-- Opening Marker --

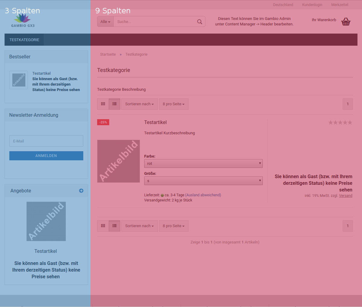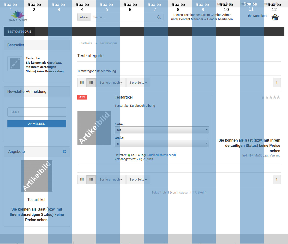 Die Option “Spaltenaufteilung > Groß (Desktops) > Rechts Grid-Spalten Groß” ist für eine optional verfügbare rechte Spalte im Shop vorgesehen, die allerdings individuell angepasst werden muss, da diese nicht zum Standardumfang des Honeygrid-Templates gehört.
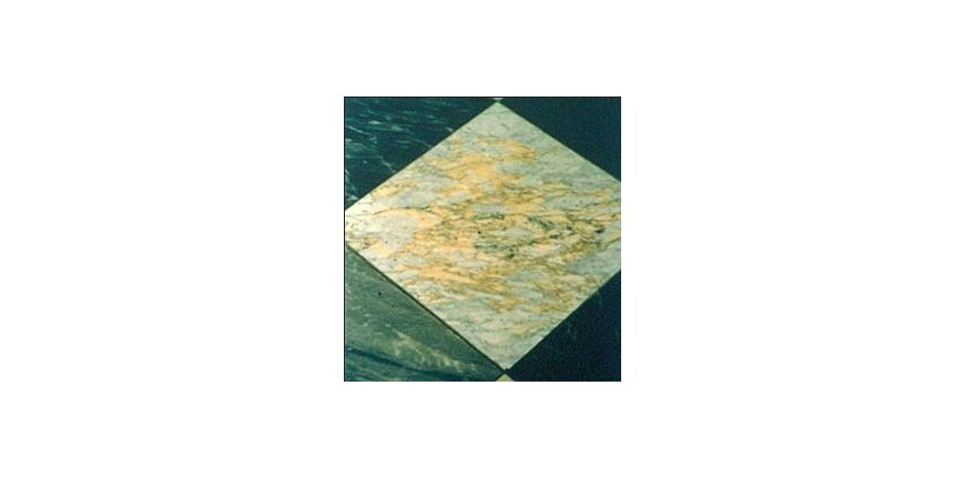 - zanieczyszczeniami eksploatacyjnymi (np. czerwone wino rozlane na jasnym marmurze, niewłaściwe środki lub metoda czyszczenia - fot. 4),
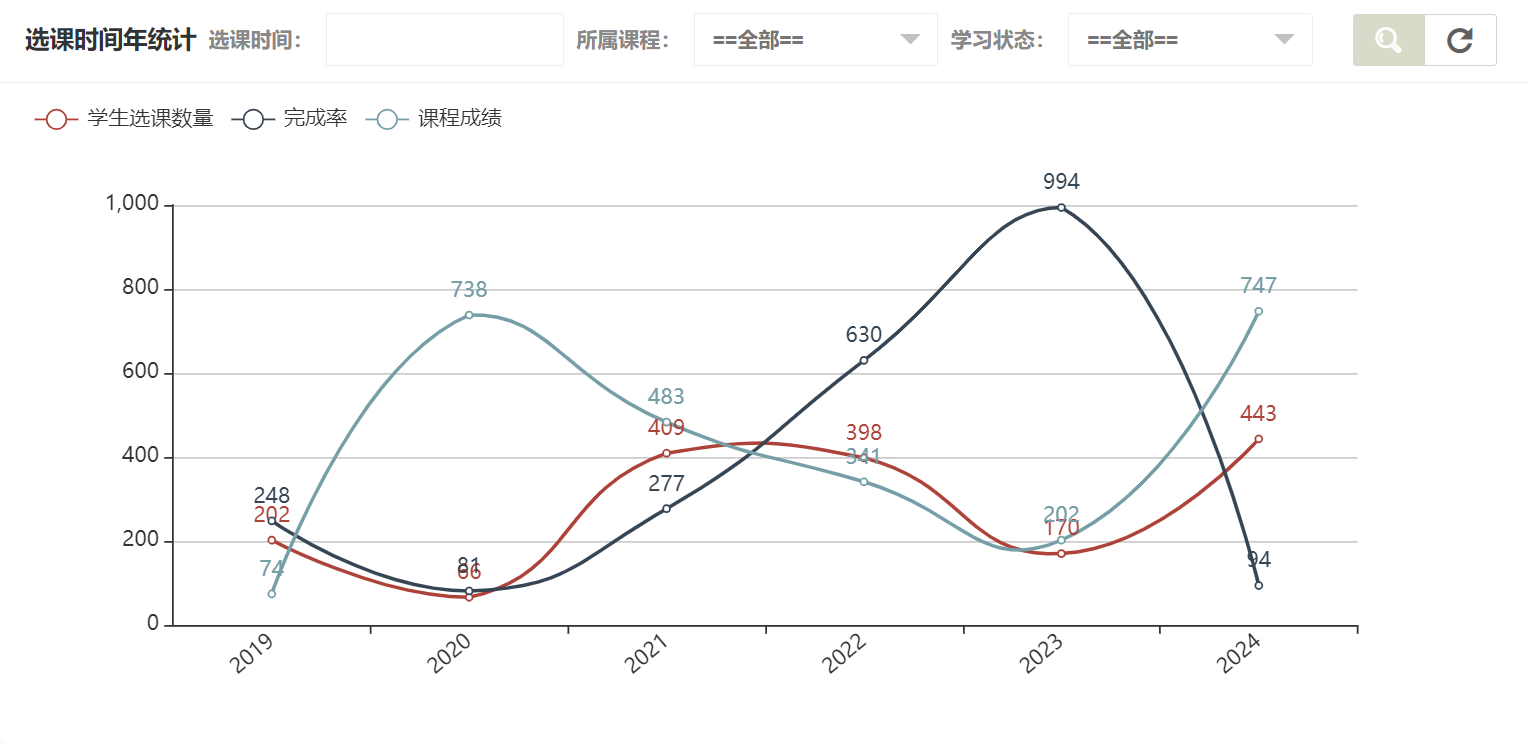 在学生选课统计中可以看到所属课程统计、选课时间年统计、选课时间月统计、选课时间日统计、学习状态统计、完成时间年统计、完成时间月统计、完成时间日统计,选课时间年统计如图所示:

-- Closing Marker --

YOUR OBJECTIVE:
Retype exactly the lines above, starting at the line containing "- zanieczyszczeniami eksploatacyjnymi" and ending with the last line, both included; leave out the pictures.

SOLUTION TO THIS PROBLEM:
 - zanieczyszczeniami eksploatacyjnymi (np. czerwone wino rozlane na jasnym marmurze, niewłaściwe środki lub metoda czyszczenia - fot. 4),
 在学生选课统计中可以看到所属课程统计、选课时间年统计、选课时间月统计、选课时间日统计、学习状态统计、完成时间年统计、完成时间月统计、完成时间日统计,选课时间年统计如图所示:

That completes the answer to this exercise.